» **RECORDS TO PROCESS**:
________________
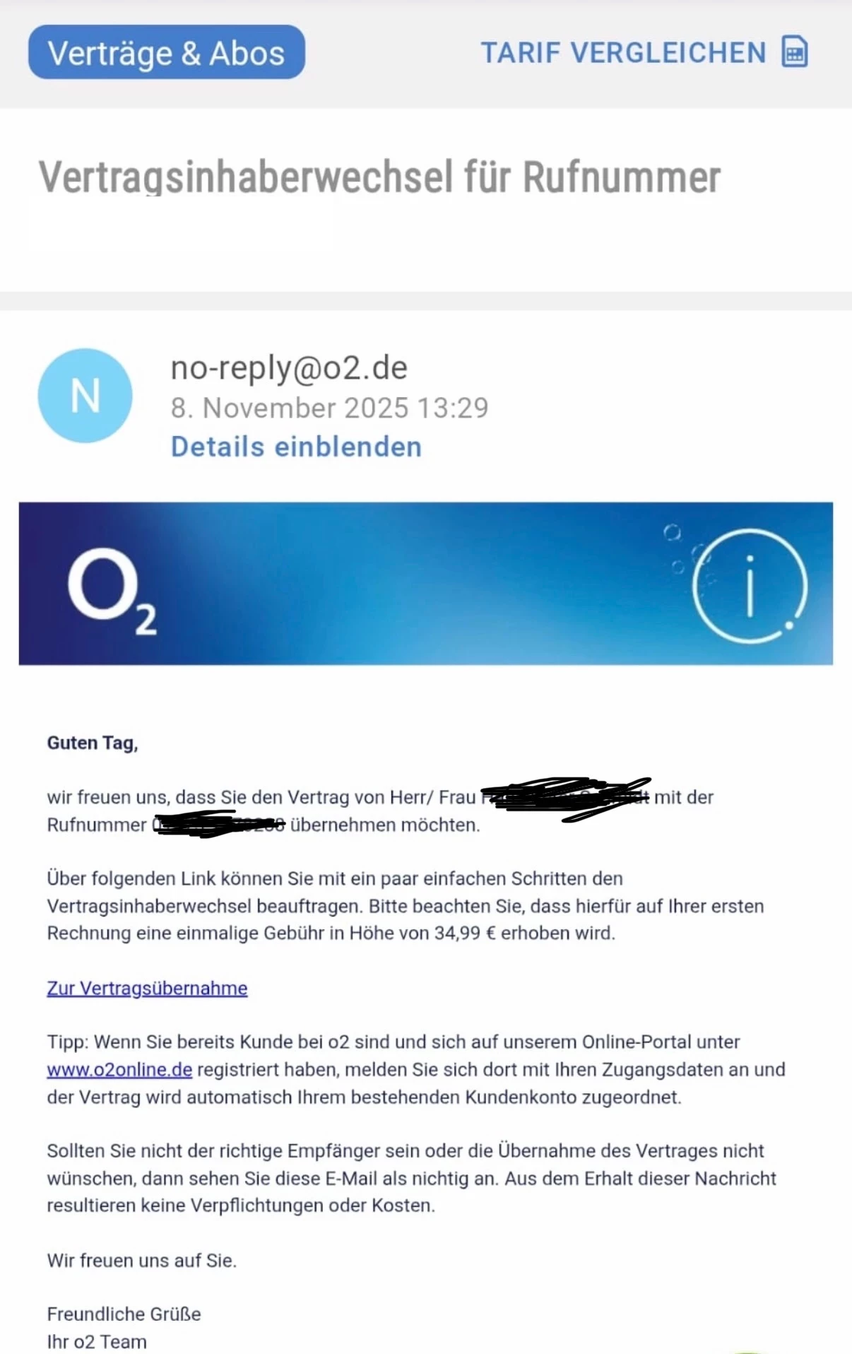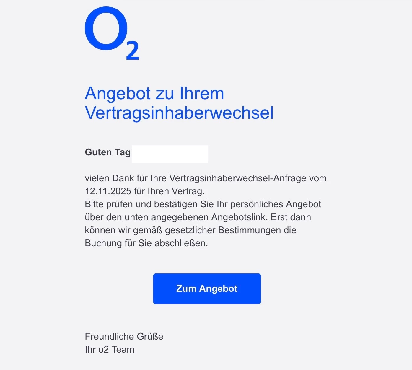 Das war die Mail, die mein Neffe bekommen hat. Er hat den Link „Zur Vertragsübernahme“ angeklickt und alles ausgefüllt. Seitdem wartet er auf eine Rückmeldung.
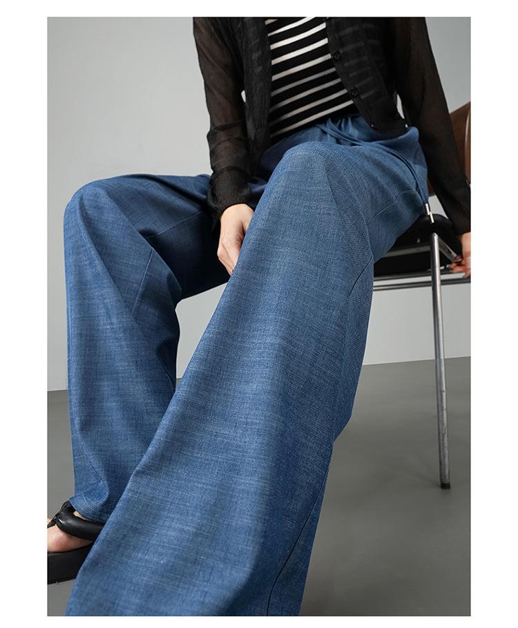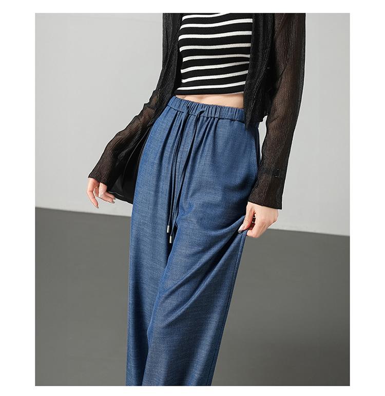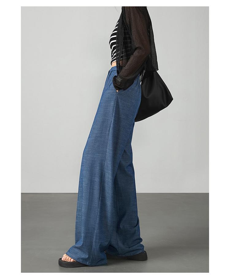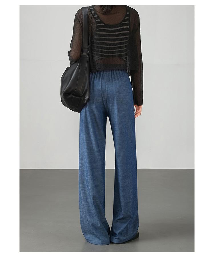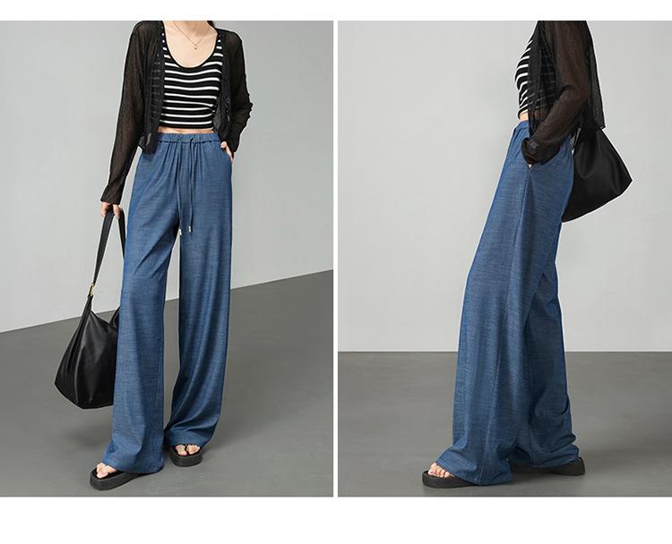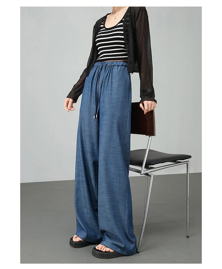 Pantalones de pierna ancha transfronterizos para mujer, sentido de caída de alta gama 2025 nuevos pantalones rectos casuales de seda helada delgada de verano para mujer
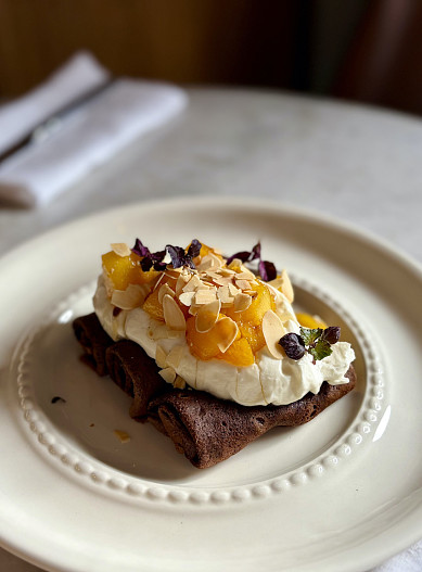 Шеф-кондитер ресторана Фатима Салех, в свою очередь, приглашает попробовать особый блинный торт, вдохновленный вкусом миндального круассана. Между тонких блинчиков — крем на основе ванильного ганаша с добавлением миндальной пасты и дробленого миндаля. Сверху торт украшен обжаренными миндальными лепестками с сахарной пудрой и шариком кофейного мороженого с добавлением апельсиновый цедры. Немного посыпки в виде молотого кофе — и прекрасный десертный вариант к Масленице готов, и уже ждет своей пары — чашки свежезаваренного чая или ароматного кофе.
________________
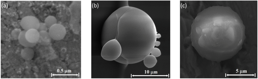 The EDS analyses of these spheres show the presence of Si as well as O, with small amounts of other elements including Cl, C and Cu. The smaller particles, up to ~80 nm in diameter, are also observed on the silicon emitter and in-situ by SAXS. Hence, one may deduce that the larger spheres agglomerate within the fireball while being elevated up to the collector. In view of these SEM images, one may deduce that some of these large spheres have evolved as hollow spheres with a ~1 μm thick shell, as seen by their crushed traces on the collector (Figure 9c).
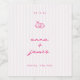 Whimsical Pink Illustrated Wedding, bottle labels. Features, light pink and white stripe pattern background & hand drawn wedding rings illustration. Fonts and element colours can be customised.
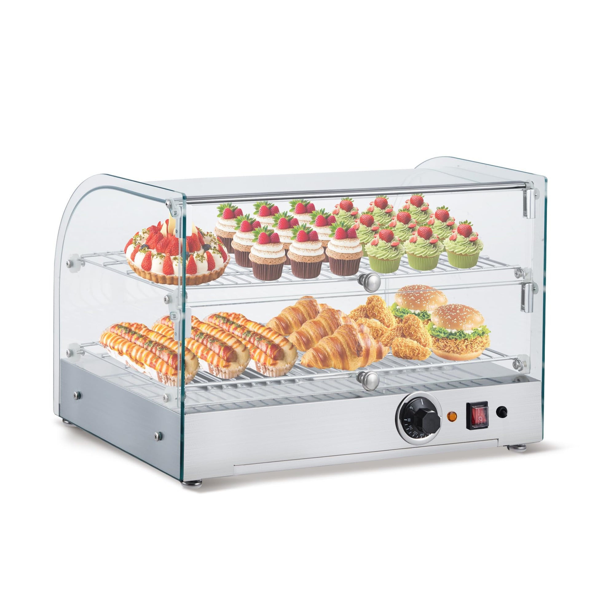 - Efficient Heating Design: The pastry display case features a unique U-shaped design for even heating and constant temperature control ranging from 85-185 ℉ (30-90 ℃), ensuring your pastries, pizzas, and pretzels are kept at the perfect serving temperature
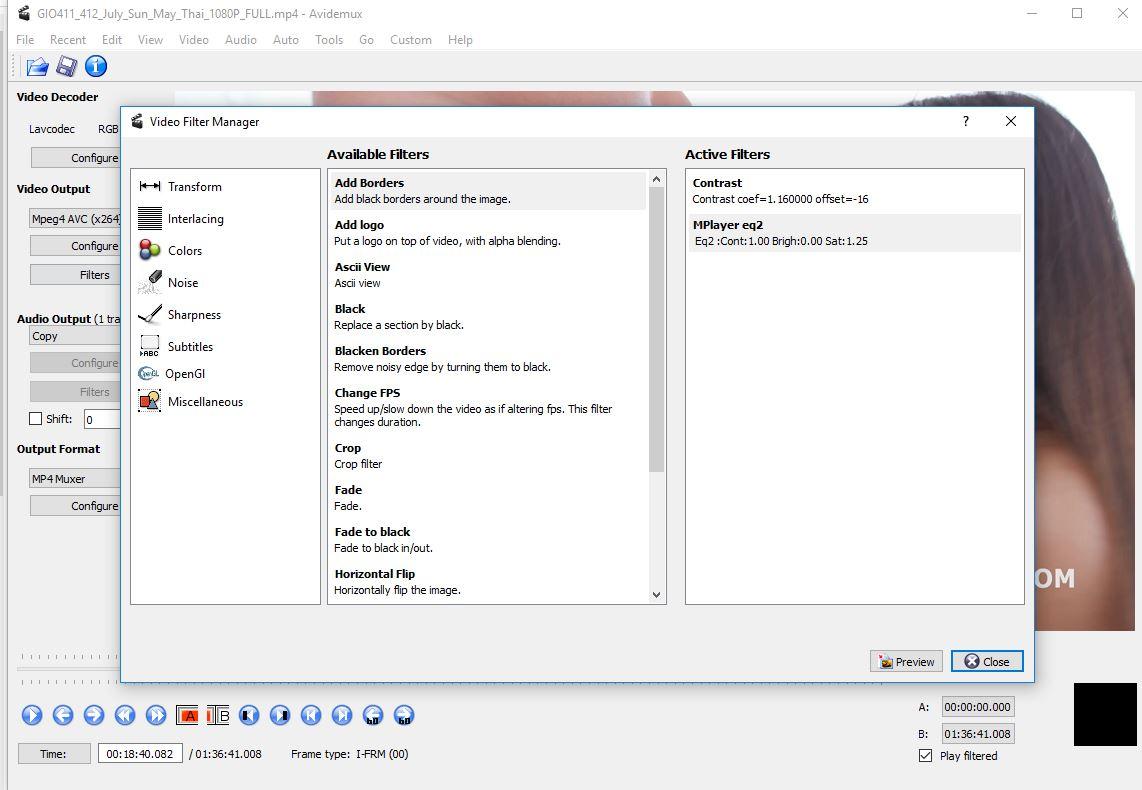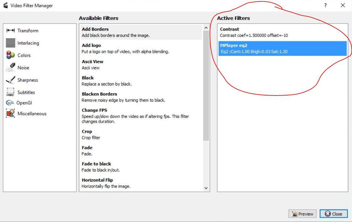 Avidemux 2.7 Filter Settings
________________
Reproduce word for word, with pictures dropped, only the part of the material above that opens with the line containing "Das war die" and closes with the line containing "Шеф-кондитер ресторана Фатима".

» **TASK RESULT**:
 Das war die Mail, die mein Neffe bekommen hat. Er hat den Link „Zur Vertragsübernahme“ angeklickt und alles ausgefüllt. Seitdem wartet er auf eine Rückmeldung.
 Pantalones de pierna ancha transfronterizos para mujer, sentido de caída de alta gama 2025 nuevos pantalones rectos casuales de seda helada delgada de verano para mujer
 Шеф-кондитер ресторана Фатима Салех, в свою очередь, приглашает попробовать особый блинный торт, вдохновленный вкусом миндального круассана. Между тонких блинчиков — крем на основе ванильного ганаша с добавлением миндальной пасты и дробленого миндаля. Сверху торт украшен обжаренными миндальными лепестками с сахарной пудрой и шариком кофейного мороженого с добавлением апельсиновый цедры. Немного посыпки в виде молотого кофе — и прекрасный десертный вариант к Масленице готов, и уже ждет своей пары — чашки свежезаваренного чая или ароматного кофе.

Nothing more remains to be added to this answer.